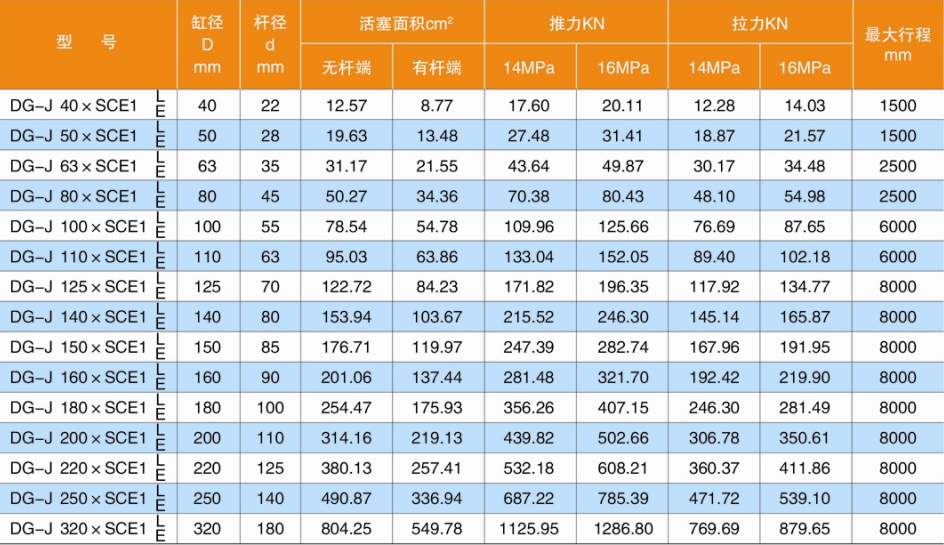L:活塞桿連接方式代號 L=螺紋連接;E=耳環(huán)連接
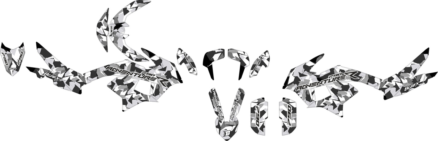FULL GRAPHICS KIT FOR KTM ADVENTURE 790-890 2018-2022 ''CAMO GREY'' DESIGN
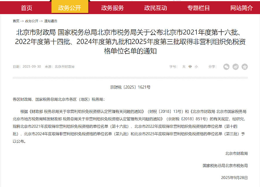 北京市财政局 国家税务总局北京市税务局关于公布北京市2021年度第十六批、2022年度第十四批、2024年度第九批和2025年度第三批取得非营利组织免税资格单位名单的通知
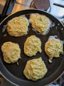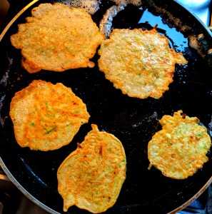 In a skillet heat oil and with a spoon put a small batches and fry on the 2 sides.
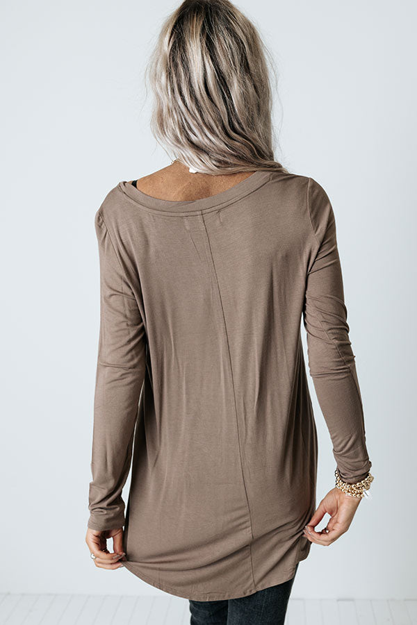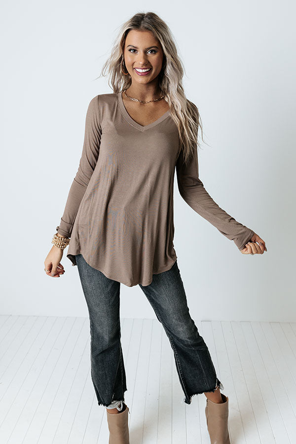 Keep your look simple but stylish with our basic taupe colored 'Making Friends Shift Top' featuring lightweight material, a v-cut neckline, long loose sleeves, and a relaxed silhouette that ends in a rounded hemline! Measurements
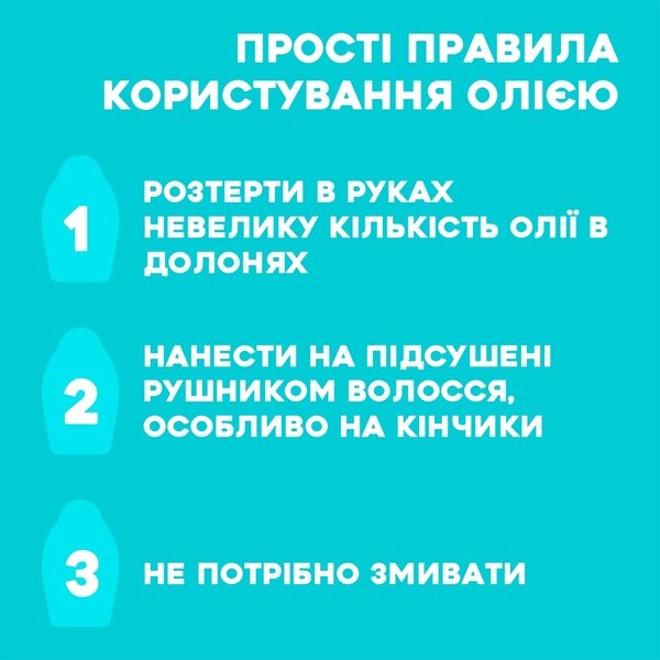 Арганова олія з посиленою формулою для глибокого відновлення волосся підходить для пошкодженого, сухого та жорсткого волосся. Олія зволожує волосся, надає йому сили, повертає м'якість і природний блиск. Допомагає захистити волосся від ультрафіолетових променів і негативного впливу термічних приладів для укладки волосся. Арганова олія з посиленою формулою для глибокого відновлення волосся підходить для пористого, пофарбованого і волосся з посіченими кінчиками. Олія зволожує волосся, надає йому сили, повертає м'якість і природний блиск. Допомагає захистити волосся від ультрафіолетових променів і негативного впливу термічних приладів для укладання волосся.
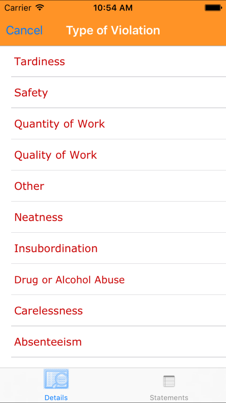- Tap the desired violation type to select it or tap Back in the top left corner to leave the Violation Type field unchanged and return to the Edit Disciplinary Report screen.

Task statement: Write the records above out again exactly, but not the pictures.

Response to this task:
L:活塞桿連接方式代號 L=螺紋連接;E=耳環(huán)連接
FULL GRAPHICS KIT FOR KTM ADVENTURE 790-890 2018-2022 ''CAMO GREY'' DESIGN
 北京市财政局 国家税务总局北京市税务局关于公布北京市2021年度第十六批、2022年度第十四批、2024年度第九批和2025年度第三批取得非营利组织免税资格单位名单的通知
 In a skillet heat oil and with a spoon put a small batches and fry on the 2 sides.
 Keep your look simple but stylish with our basic taupe colored 'Making Friends Shift Top' featuring lightweight material, a v-cut neckline, long loose sleeves, and a relaxed silhouette that ends in a rounded hemline! Measurements
 Арганова олія з посиленою формулою для глибокого відновлення волосся підходить для пошкодженого, сухого та жорсткого волосся. Олія зволожує волосся, надає йому сили, повертає м'якість і природний блиск. Допомагає захистити волосся від ультрафіолетових променів і негативного впливу термічних приладів для укладки волосся. Арганова олія з посиленою формулою для глибокого відновлення волосся підходить для пористого, пофарбованого і волосся з посіченими кінчиками. Олія зволожує волосся, надає йому сили, повертає м'якість і природний блиск. Допомагає захистити волосся від ультрафіолетових променів і негативного впливу термічних приладів для укладання волосся.
- Tap the desired violation type to select it or tap Back in the top left corner to leave the Violation Type field unchanged and return to the Edit Disciplinary Report screen.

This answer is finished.